The FFN (Feed-Forward Network) is applied independently to each position:

\[ \text{FFN}(x) = \max(0,\; xW_1 + b_1)W_2 + b_2 \]

Typically \(d_{\text{model}} = 512\), \(d_{\text{ff}} = 2048\) — a bottleneck 4× wider than the embedding.

Residual connections (inspired by ResNets) ensure gradients flow directly through many layers. Layer Normalization normalizes along the feature dimension (not batch), which is more stable for variable-length sequences.

Decoder and Autoregressive Generation

The decoder generates tokens one at a time, conditioned on everything generated so far:

\[ p(\text{output}) = \prod_{t=1}^{T} p(y_t \mid y_{<t},\; \text{encoder output}) \]

To prevent token \(t\) from seeing future tokens during training, masked self-attention applies a causal mask:

Causal mask (n=4 tokens):
     pos0  pos1  pos2  pos3
pos0 [ 0   -inf  -inf  -inf ]   (sees only itself)
pos1 [ 0    0   -inf  -inf ]    (sees pos0 and pos1)
pos2 [ 0    0    0   -inf ]
pos3 [ 0    0    0    0   ]     (sees everything)

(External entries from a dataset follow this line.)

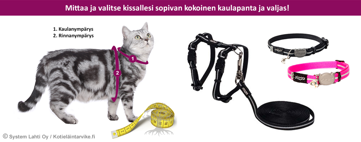 Markkinoilla on erilaisia valjasmalleja. Tärkeintä on löytää kissallesi sopiva koko ja malli. Valjaiden tulee olla napakat, mutta eivät liian tiukat. Kuten kaulapannan kanssa, kahden sormen sääntö on hyvä muistisääntö myös valjaiden istuvuutta testatessa. Totuta kissa valjaisiin vähitellen sisätiloissa, positiivisen vahvistamisen ja herkkujen avulla, ennen ensimmäistä ulkoilukertaa. Kotieläintarvike.fi:stä löydät monipuolisen valikoiman erikokoisille ja -rotuisille kissoille sopivia valjaita.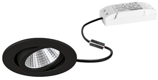 LED-Einbaustrahlerset, IP65, schaltbar, schwarz matt, rund. Ausgeführt in kompakter Bauform für werkzeuglose Schnellmontage zum Deckeneinbau. Set inkl. Konverter für 230 V-Netzspannung, schaltbar, Maße Konverter: L 71 x B 36 x H 22 mm Montageart: Einbaumontage, Montageort: Deckenmontage, Material: Aluminium / Stahl / Silikonkautschuk / Polycarbonat, Schutzart raumseitig: nach DIN EN 60529: IP65, Schutzklasse: (EN 61140) II, Spannung: 230V AC 50Hz, Leistung: 6 W, Anzahl der Leuchtmittel / Fassungen: 1 Stück, Lichtstrom: 730 lm, Farbtemperatur: 3.000 K, Abstrahlwinkel: 38°, Verstellbarkeit: schwenkbar, Mit Betriebsgerät: Ja, Dimmbar: Nein, Art der Dimmung: schaltbar.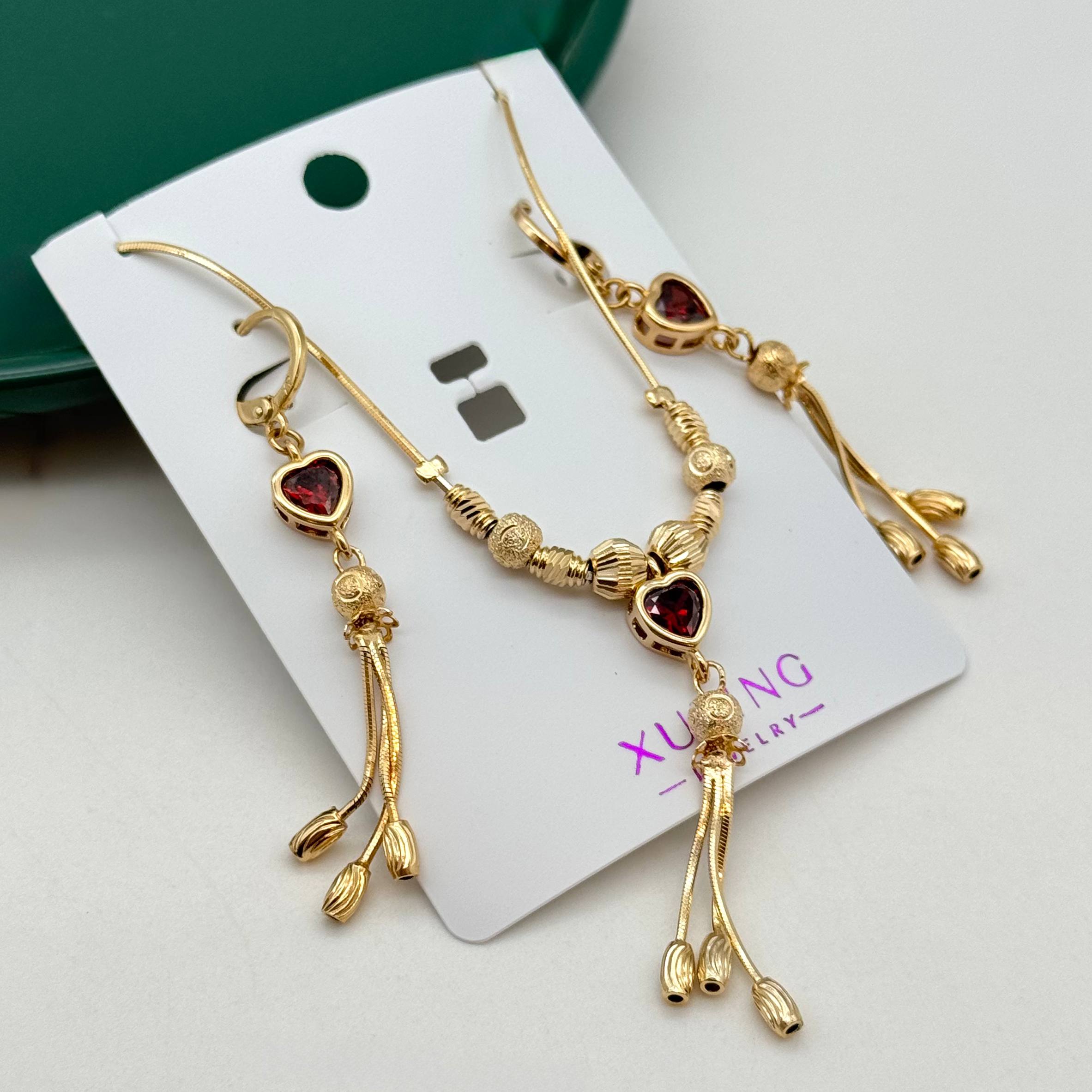 نیمست ژوپینگ طرح طلا با نگین قلبی قرمز و آویزهای خوشهای با زنجیر کد ۵۷۵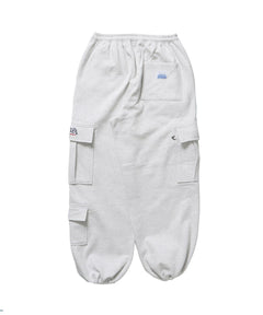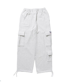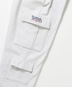 90s UTILITY CARGO SWEAT PANTS / ロゴ 刺繍 カーゴ ポケット スウェット パンツ ドローコード ワイドシルエット セットアップ アイボリー ≪SET UP着用可能≫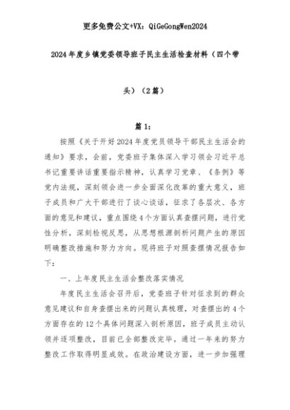【七哥公文】2025年:(2篇)2024年度乡镇党委领导班子民主生活检查材料(四个带头)+更多免费公文+VX:QiGeGongWen2024+更多免费公文+VX:QiGeGongWen2024

BERT vs. GPT — Encoder vs. Decoder

BERT (Encoder-only)

Bidirectional: sees left and right context
Pre-trained with Masked Language Model
Excellent for classification, NER, QA
Not generative

GPT (Decoder-only)

Causal: sees only left context
Pre-trained with Next Token Prediction
Excellent for text generation, chat, code
Scale leads to emergent capabilities

Vision Transformer (ViT)

The encoder is not limited to text. In 2020, Dosovitskiy et al.³ applied this same architecture to images by dividing them into \(16 \times 16\) pixel patches and treating each patch as a token — surpassing CNNs on ImageNet at sufficient data scale. The next class, Vision Transformers, is dedicated to this idea.

Scaling Laws and Large Language Models

Kaplan et al. (2020)⁴ discovered that language model loss follows power-law scaling laws:

\[ L(N, D) = \left(\frac{N_c}{N}\right)^{\alpha_N} + \left(\frac{D_c}{D}\right)^{\alpha_D} + L_\infty \]

where \(N\) is the number of parameters, \(D\) the data size, and \(L_\infty\) the irreducible loss.

This led to the LLM paradigm: training enormous models (billions of parameters) on trillions of tokens. The next class explores this world.

Quick Implementation Reference

PyTorch (Attention)PyTorch (Transformer Block)

import torch
import torch.nn as nn

class MultiHeadAttention(nn.Module):
    def __init__(self, d_model, num_heads):
        super().__init__()
        self.num_heads = num_heads
        self.d_k = d_model // num_heads
        self.W_q = nn.Linear(d_model, d_model)
        self.W_k = nn.Linear(d_model, d_model)
        self.W_v = nn.Linear(d_model, d_model)
        self.W_o = nn.Linear(d_model, d_model)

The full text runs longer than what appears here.